# Training Time per Day?



## AmberSunrise (Apr 1, 2009)

I generally train each dog anywhere between 2 and 5 minutes ... sometime twice a day.

I compete in obedience, rally and agility but consider manners and safety issues most important.

For boundaries, until my dogs know some alternate behaviors, they are not given the freedom to make bad choices - but they learn alternate behaviors really quickly -- start with sit and its yer choice games (plenty of info on the internet for Its Yer Choice). Then within a day or two you can start building by having him sit and show impulse control before you set his bowl down, before he exits the door etc


----------



## Rilelen (Jan 11, 2015)

I don't practice any behavior for more than 10 treats at a time. On a bad day, we do those 10 treats and that's it. We'll come back later in the day and try again. On a good day, we'll do 10 treats on one thing, then 10 on another, then 10 on something else, etc. etc., but never for more than about five minutes. I try to do at least two of those sessions a day. 

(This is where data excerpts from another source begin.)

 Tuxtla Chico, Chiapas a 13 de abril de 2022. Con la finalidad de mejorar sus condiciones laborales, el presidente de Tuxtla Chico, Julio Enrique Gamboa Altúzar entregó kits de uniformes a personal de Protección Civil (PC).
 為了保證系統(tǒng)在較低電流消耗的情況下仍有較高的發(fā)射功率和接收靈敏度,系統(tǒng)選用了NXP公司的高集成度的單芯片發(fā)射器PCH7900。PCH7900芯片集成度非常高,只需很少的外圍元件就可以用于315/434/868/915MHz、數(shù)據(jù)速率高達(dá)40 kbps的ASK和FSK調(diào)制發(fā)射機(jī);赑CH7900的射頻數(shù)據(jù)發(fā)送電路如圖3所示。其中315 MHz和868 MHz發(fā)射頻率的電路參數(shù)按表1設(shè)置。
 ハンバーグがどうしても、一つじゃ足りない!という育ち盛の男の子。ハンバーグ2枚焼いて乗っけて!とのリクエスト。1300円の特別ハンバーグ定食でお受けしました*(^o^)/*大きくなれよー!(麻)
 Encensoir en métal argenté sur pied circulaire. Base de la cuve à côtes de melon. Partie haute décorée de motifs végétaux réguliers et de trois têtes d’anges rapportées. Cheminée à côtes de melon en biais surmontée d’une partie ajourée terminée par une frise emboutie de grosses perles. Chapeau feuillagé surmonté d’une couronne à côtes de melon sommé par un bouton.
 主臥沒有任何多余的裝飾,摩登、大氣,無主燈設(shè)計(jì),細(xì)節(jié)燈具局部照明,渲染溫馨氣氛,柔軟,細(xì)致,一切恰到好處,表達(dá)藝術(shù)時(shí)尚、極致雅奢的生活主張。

One thing I've noticed - Abby's rarely ready to work on training if she's been cooped up for hours. She needs time to work her energy out, and then she's ready to settle down and work with me. After a walk is a good time for us; she has lots and lots of energy, and going for a walk helps take the edge off enough for her to focus. 

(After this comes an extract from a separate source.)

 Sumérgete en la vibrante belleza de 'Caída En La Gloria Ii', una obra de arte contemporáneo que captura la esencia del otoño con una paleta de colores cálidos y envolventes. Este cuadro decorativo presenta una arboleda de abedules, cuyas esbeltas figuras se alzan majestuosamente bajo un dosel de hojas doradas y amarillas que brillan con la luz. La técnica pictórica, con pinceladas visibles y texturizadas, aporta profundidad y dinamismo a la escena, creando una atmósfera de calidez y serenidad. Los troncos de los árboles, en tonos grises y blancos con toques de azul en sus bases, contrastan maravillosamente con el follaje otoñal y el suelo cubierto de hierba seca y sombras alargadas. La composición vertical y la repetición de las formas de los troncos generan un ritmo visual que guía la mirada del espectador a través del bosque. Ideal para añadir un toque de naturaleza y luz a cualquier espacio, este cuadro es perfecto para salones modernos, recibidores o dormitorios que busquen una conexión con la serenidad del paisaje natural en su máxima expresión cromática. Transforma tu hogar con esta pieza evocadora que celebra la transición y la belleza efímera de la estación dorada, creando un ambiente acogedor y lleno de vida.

For boundaries - I try to teach alternative behaviors. Until I've explained a concept and I'm sure the dog understands it (like "leave it"), I try to manage the bad behavior and prevent her from having the opportunity to make bad choices. (Can't greet our guests appropriately? We're going to go on leash or behind a baby gate, unless I have time for an active training session on four-paws-on-the-ground polite greetings). And definitely reward and jackpot when she makes a good decision! Ignored the cat vomit I didn't notice in time? Yay, party time for you!!!!


----------



## TexasTom (Aug 6, 2016)

For us training is daily. My trainer is fantastic and realized Emily will repeat things three times max, then is bored. So no drilling, just only do a max of three times and move on.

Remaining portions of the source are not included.